We Got the Neutron Bomb: The Untold Story of L.A. Punk
- Author: Marc Spitz, Brendan Mullen
- Language: English
- Subject: Music
- Publisher: Three Rivers Press
- Publication date: November 13, 2001
- Publication place: United States
- Media type: Print (paperback)
- Pages: 296
- ISBN: 978-0-609-80774-3
- Preceded by: Too Much, Too Late
- Followed by: Nobody Likes You: Inside the Turbulent Life, Times and Music of Green Day

= We Got the Neutron Bomb =

2001 book by Marc Spitz and Brendan Mullen

We Got the Neutron Bomb: The Untold Story of LA Punk is an oral history of the Los Angeles punk scene written by Marc Spitz and Brendan Mullen. It was released in 2001 by Three Rivers Press.

The story begins around 1971 with an exploration of the impact that the UK glam rock scene was having on American rock at the time, specifically through the efforts of promoter Rodney Bingenheimer to help sell David Bowie to the American public. There is then an examination of the impact of various bands that were contemporaneous at the time, including The Stooges and The New York Dolls before looking at the roles of bands and key figures that followed including The Screamers, Devo, X, Black Randy, Kim Fowley, Darby Crash, The Go-Go's, The Cramps, Black Flag, Los Lobos, Agent Orange and Social Distortion.

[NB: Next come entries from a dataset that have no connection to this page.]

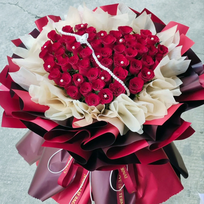 【执之子手 】精心挑选52朵红玫瑰,1条珠串,珍珠工艺品装饰花面。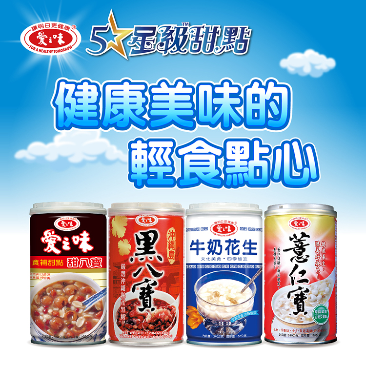 | 產品特色 | 1.甜點基本是屬內需傳統型產業,而愛之味在國內品牌形象良好,國人信賴度高,在技術開發及行銷推廣上有其優勢。 2.愛之味沖繩島黑八寶口感屬於日本風味,與一般市售八寶粥在口味上有所區隔。 3.黑糖屬嗜好性高之口味,依賴研發技術甚多,愛之味在此方向技術成熟,使得沖繩島黑八寶口感甜而不膩。 4.黑糖含鈣、鐵等礦物質和維生素等,營養價值高;由於黑糖的礦物質比一般糖品高,相對甜度比一般糖品低。 5.愛之味沖繩島黑八寶所使用的黑糖,是來自日本沖繩,純天然無污染的溫暖氣候,以盛產甘蔗為原料的黑糖,是沖繩的特產之一。 6.沖繩黑糖特選沖繩白甘蔗,經過長達20天的熬煮,然後再冷藏10天後,經過沖繩的陽光曝曬20天,一共歷經長達50天的製作期。 7.嚴選八種珍貴穀物,保留真實的原味自然,並採用日本沖繩縣產黑糖,純淨自然、完全無任何添加,糖蜜的滋味入口即化,使得口感香醇、甜而不膩。 |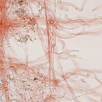 4.2-6.8 x 3.4-4.2 μm, elipsasti, gladki, hialini. Trosni prah je bel.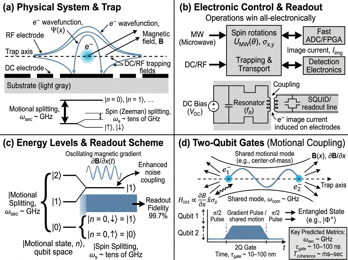 Unlike trapped ions, electrons have no internal level structure beyond spin, eliminating laser-based state preparation, manipulation, and readout entirely. All control would be electronic: microwave fields for spin rotations, dc/rf electric fields for trapping and transport, and image current or cavity-coupled detection for readout. This “all-electronic” approach avoids the laser system complexity that is a primary scaling bottleneck for trapped-ion systems.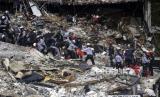 Cara mengatakan, operasi pencarian dan penyelamatan berlanjut sepanjang Selasa, meskipun hujan turun. Sekitar 125 orang telah dicatat berada di gedung tersebut.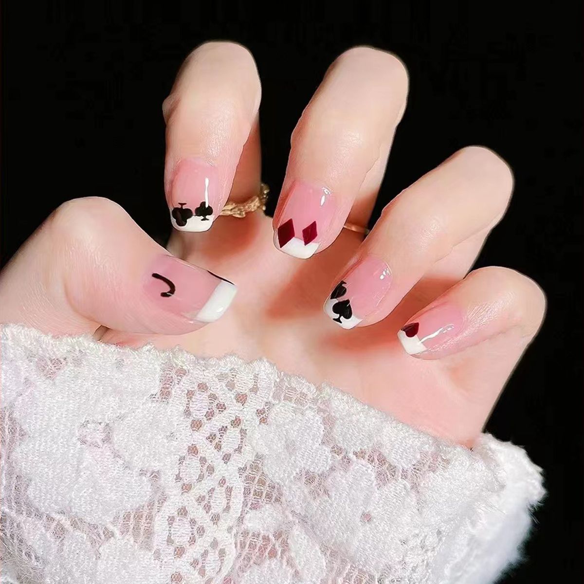 Enchanting Romance Medium Length Square Shape Pink Press On Nail Set with Love-Inspired Accents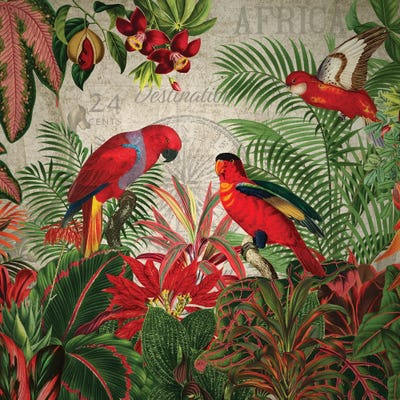 Red Parrots In Vintage Jungle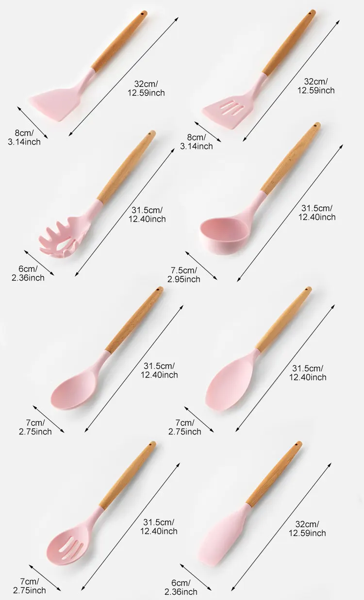11 шт.компл. 9 шт.компл. розовая силиконовая кухонная утварь с дере...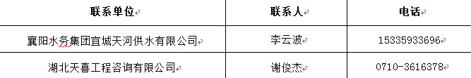 招标人:襄阳水务集团宜城天河供水有限beat365官网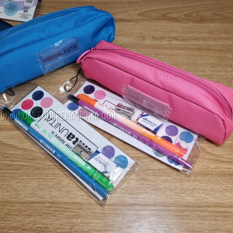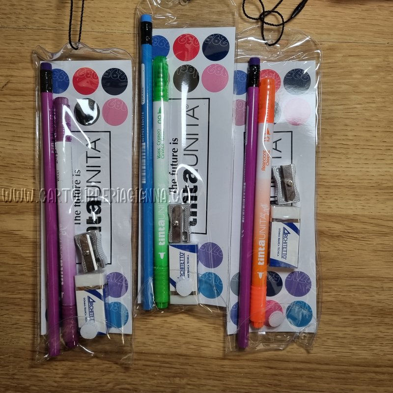 Insieme riceverai: una matita HB con gommino, un temperino in metallo, una gomma bianca e un pennarelli brush bipunta Tinta Unita con punta piccola e punta a pennello.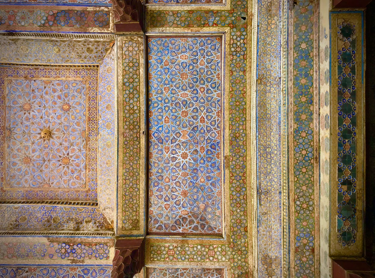 Ali Qapu Palace, one of the imperial seats of the Safavid Emperors, looks out over the square with a commanding view. But more beautiful, I thought, was the Chehel Sotoun (“Forty Columns”) royal complex, which had both extraordinary architecture (more amazing ceilings) and some richly mysterious and evocative early modern wall paintings.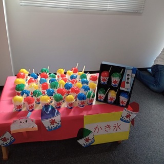 9月24日。 成り行きで子どもが以前通っていた保育園のお祭りを手伝う事に。 子どもは甚平を着て参加。 本格的なお祭りではなく、園児向けのお祭りごっこといった感じだった。 食べ物も作り物で、あくまでごっこ遊び。 このかき氷作りも毛糸などで作ったもの。 我々もこのかき氷作りを手伝った。 まだ第一回らしく、先生方も手探りな様子だった。 地域の方が来てもらう枠も設けたとの事だったが、一組しか応募はなかったらしい。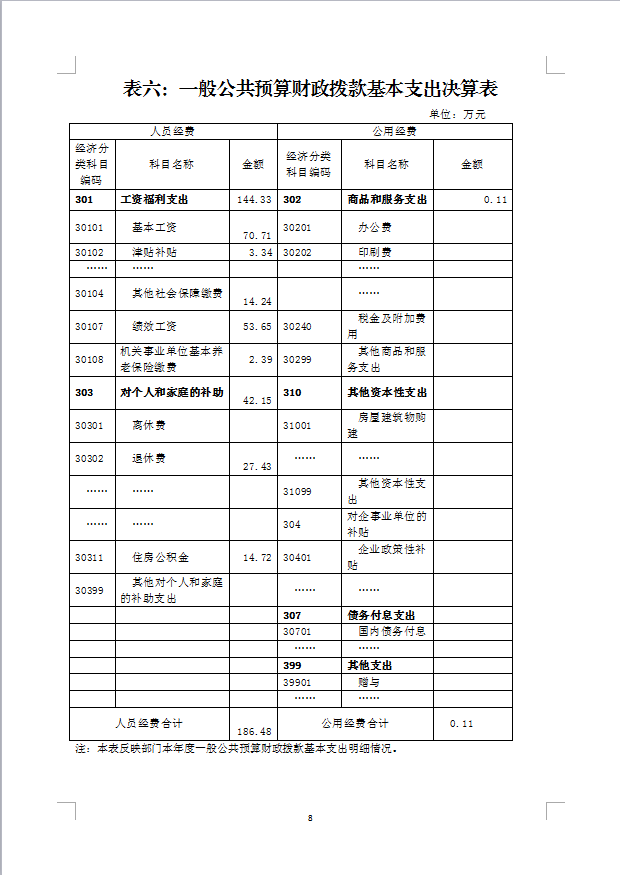 2016年度一般公共预算财政拨款基本支出186.59万元,其中:人员经费186.48万元,主要包括:基本工资70.71万元、津贴补贴3.34万元、其他社会保障缴费14.24万元、绩效工资53.65万元、机关事业单位基本养老保险缴纳2.39万元、退休费27.43万元、住房公积金14.72万元;商品和服务支出0.11万元,主要包括福利费0.11万元。
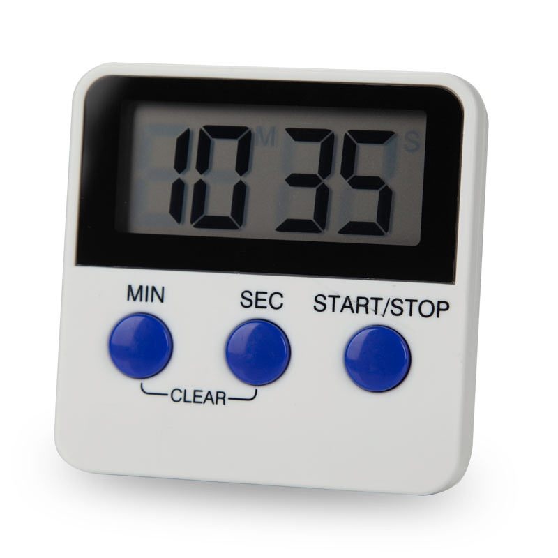 Denna nedräkning/upp-timer innehåller ett ljudlarm som är högre än genomsnittet 70 decibel. Timern är fullt programmerbar, så att användaren kan ställa in tiden upp till 99 minuter och 59 sekunder.
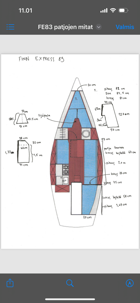 Patjat on hyväkuntoisia ja nostettu aina veneestä pois talveksi. Näillä nukkuu paremmin kuin kotona!

The book finishes around 1981 with the perceived 'selling out' of the LA punk scene, including The Go-Go's having their mainstream breakthrough on MTV, Penelope Spheeris' documentary The Decline of Western Civilization and the death of Darby Crash, foreshadowing in Greg Hetson's words "the dark years of punk" from 1984 to 1990.

==Reception==
Punknews.org gave the book four and a half stars out of five. The Stranger called it "required reading" for those with "interest in L.A.'s budding pre-punk culture, or fringe-music culture in general."